On Wednesday, writing for The Washington Post, columnist Karen Tumulty examined the way presidents have been influenced by their fathers — and how the "father-son psychodrama" that President Donald Trump experienced, according to Mary Trump's tell-all book, is no exception.
"In her telling, Donald Trump’s character was warped by a desperate desire to win the nearly unattainable approval of his father, Fred Trump Sr. Nothing, including lying or cheating, was considered out of bounds. Mary Trump claims Donald Trump even enlisted a smarter kid to take his SATs for him," wrote Tumulty. "All of which Mary Trump lays at the feet of her grandfather. 'By limiting Donald’s access to his own feelings and rendering many of them unacceptable, Fred perverted his son’s perception of the world and damaged his ability to live in it,' she wrote."
Presidents, she wrote, can often be understood through the prism of how their fathers treated them.

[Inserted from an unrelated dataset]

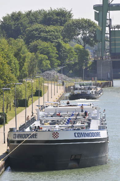 Plötzlich stand der Schiffsführer im Freien. Bei der Einfahrt in die große Kammer der Schleuse Do…

George W. Bush, for example, revered his father and did everything in his power to make him proud — to the point that some wondered whether the Iraq war was motivated by revenge for Saddam Hussein's threat against his father. Bill Clinton's ambition and reckless personal behavior, she argued, can be explained by losing his father in a car accident three months before he was born, and understanding he needed to seize life opportunities as they came. Barack Obama, in "Dreams from my Father," explained how the absence of his father fueled his self-discovery. And Ronald Reagan was influenced by how his father's alcoholism forced him to take responsibility from a young age.

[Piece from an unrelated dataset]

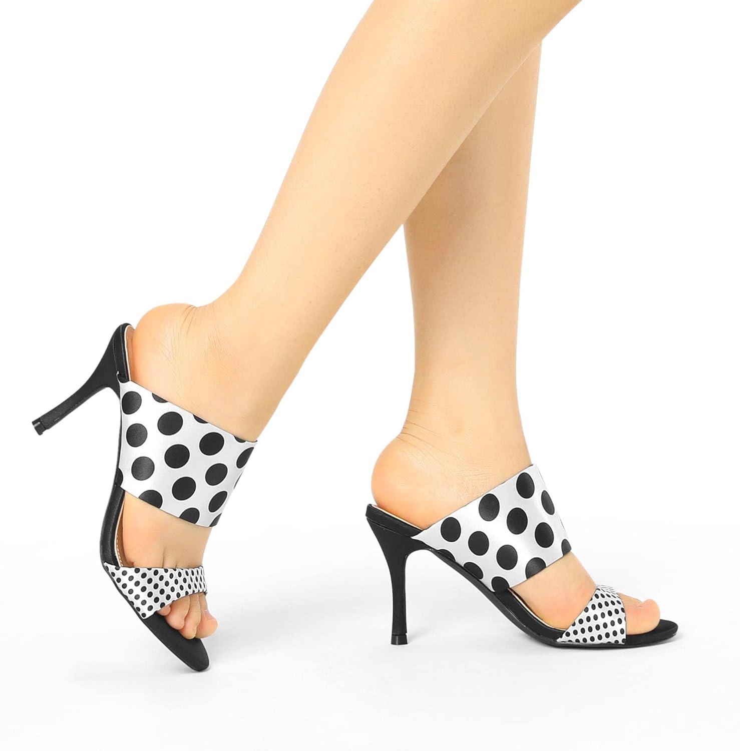 Allegra K Women’s Polka Dots Stiletto Heel Slides Sandals(Black)

"What Mary Trump offers in her book, which is a bestseller even before its release, is not so much a revelation about Trump as an explanation," concluded Tumulty. "The heartlessness she claims was drilled into him as a young man by his father is consistent with what we see every day. So no matter how hard the president tries to deny what she has written (White House press secretary Kayleigh McEnany characterized it as 'a book of falsehoods'), readers will likely see its fundamental truth."